What I did next was the following, for both \( A_0 \) and \( M \) for different matrix sizes
I present a table for these below. The examples were chosen so that the resulting system would have \( \kappa(M) = 1e9 \)
The main things to look for are that CG takes essentially \(0.5n\) iterations on the lifted matrices, the fill grows rapidly with problem size, and RCM still leaves a very large bandwidth.

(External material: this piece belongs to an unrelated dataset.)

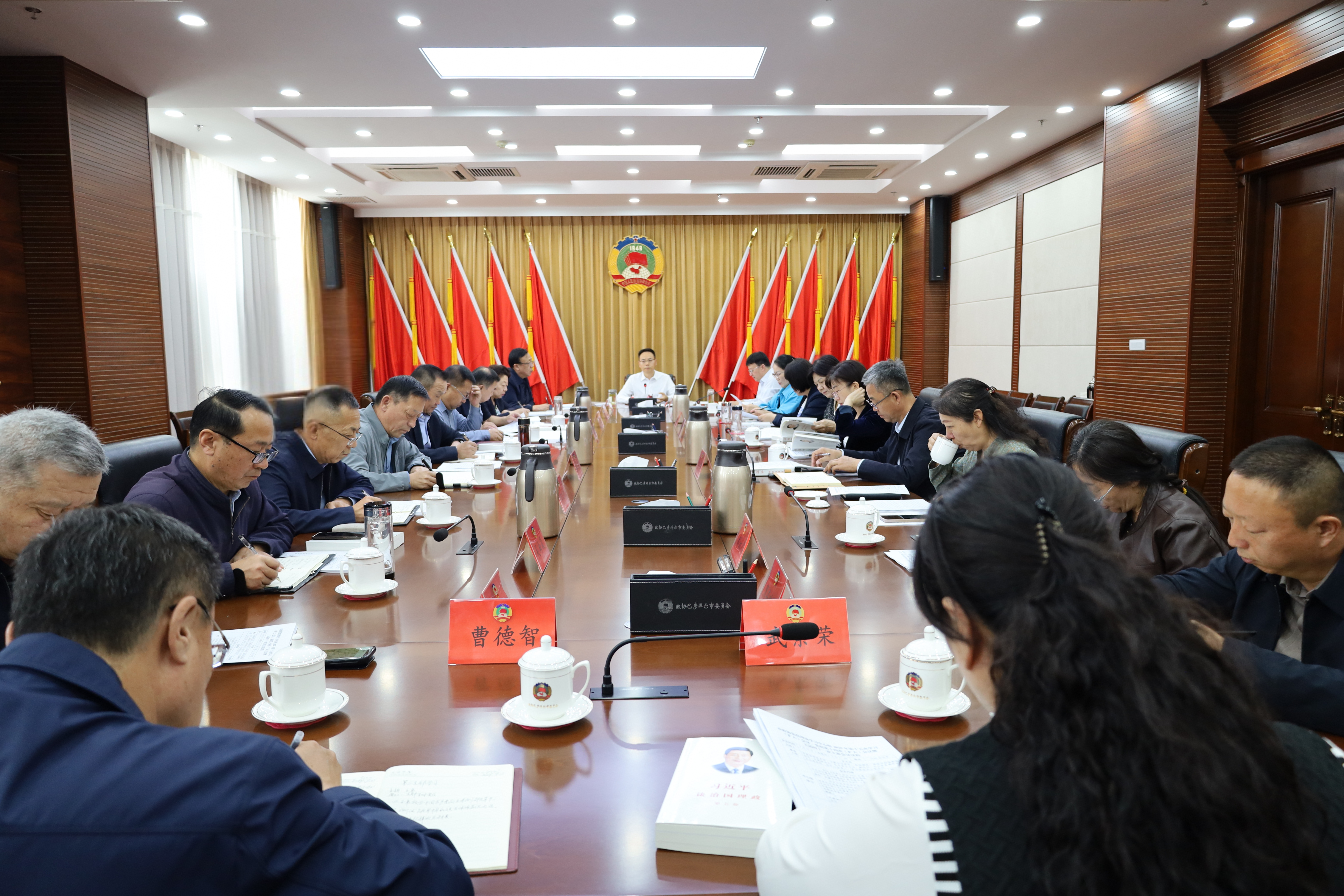 9月25日,市政协党组书记、主席贺连辉主持召开2025年第十四次党组(扩大)会议暨五届四十一次主席会议,市政协党组副书记、副主席苏常亮,副主席张志忠、陈月梅、张秀文,一级巡视员吴青霞,秘书长韩世忠参加会议。

| Matrix | n | nnz / row | CG iters / n | COLAMD fill | COLAMD equiv bw / n | Best fill | Best equiv bw / n | RCM bw / n |
|---|---|---|---|---|---|---|---|---|
A0_for_M1024 | 512 | 9.0 | 0.064453 | 9.456 | 0.181 | 9.456 colamd | 0.181 | 0.632812 |
M1024 | 1024 | 18.0 | 0.500000 | 9.429 | 0.181 | 9.429 colamd | 0.181 | 0.636719 |
A0_for_M2048 | 1024 | 9.0 | 0.033203 | 17.874 | 0.171 | 17.874 colamd | 0.171 | 0.631836 |
M2048 | 2048 | 18.0 | 0.500000 | 17.847 | 0.171 | 17.847 colamd | 0.171 | 0.632812 |
A0_for_M4096 | 2048 | 9.0 | 0.016602 | 34.172 | 0.163 | 34.172 colamd | 0.163 | 0.624512 |
M4096 | 4096 | 18.0 | 0.500000 | 34.144 | 0.163 | 34.144 colamd | 0.163 | 0.625732 |
A0_for_M8192 | 4096 | 9.0 | 0.008301 | 67.139 | 0.160 | 67.139 colamd | 0.160 | 0.624023 |
M8192 | 8192 | 18.0 | 0.500000 | 67.019 | 0.160 | 67.019 colamd | 0.160 | 0.624390 |
A0_for_M16384 | 8192 | 9.0 | 0.004150 | 132.887 | 0.158 | 132.887 colamd | 0.158 | 0.623169 |
M16384 | 16384 | 18.0 | 0.500000 | 132.859 | 0.158 | 132.859 colamd | 0.158 | 0.623474 |
The trend above shows constant row sparsity, slow convergence for unpreconditioned CG, and approximately quadratic factor storage over these sizes. The number of CG iterations is \( \frac{1}{2}n \) in all these examples. Once the planted Chebyshev modes are resolved, it only has comparatively little work remaining for the original modes.
Most solver libraries which only have access to the underlying sparse matrix and perhaps a few hints from the user (e.g. SPD, stencil structure, etc.) will not have preprocessing that can detect the block structure from the above matrix. But it is feasible that this structure could be detected, and the block orthogonal decomposition could be undone and the Chebyshev modes explicitly deflated away. We could achieve this by vertex matching algorithms since \( A_0 \) is replicated in a fairly straightforward block form into \( M \).
To obscure this, the \(D \) matrix could instead be a sparse SPD tridiagonal matrix constructed to have the desired spectrum. This introduces more nonzeros into \(M \) and makes simple vertex matching less useful. More generally, the block form here is just the simplest version of the adversarial idea.
After removing the constant nullspace, fixed-degree expander graph Laplacians have a spectral gap and can be handled well by Krylov methods. The counterexample here is designed to show that favorable CG behavior is not a fundamental property of every sparse SPD matrix whose graph has expander-like structure: numerical values can plant a much less favorable spectrum even while the structural graph remains sparse.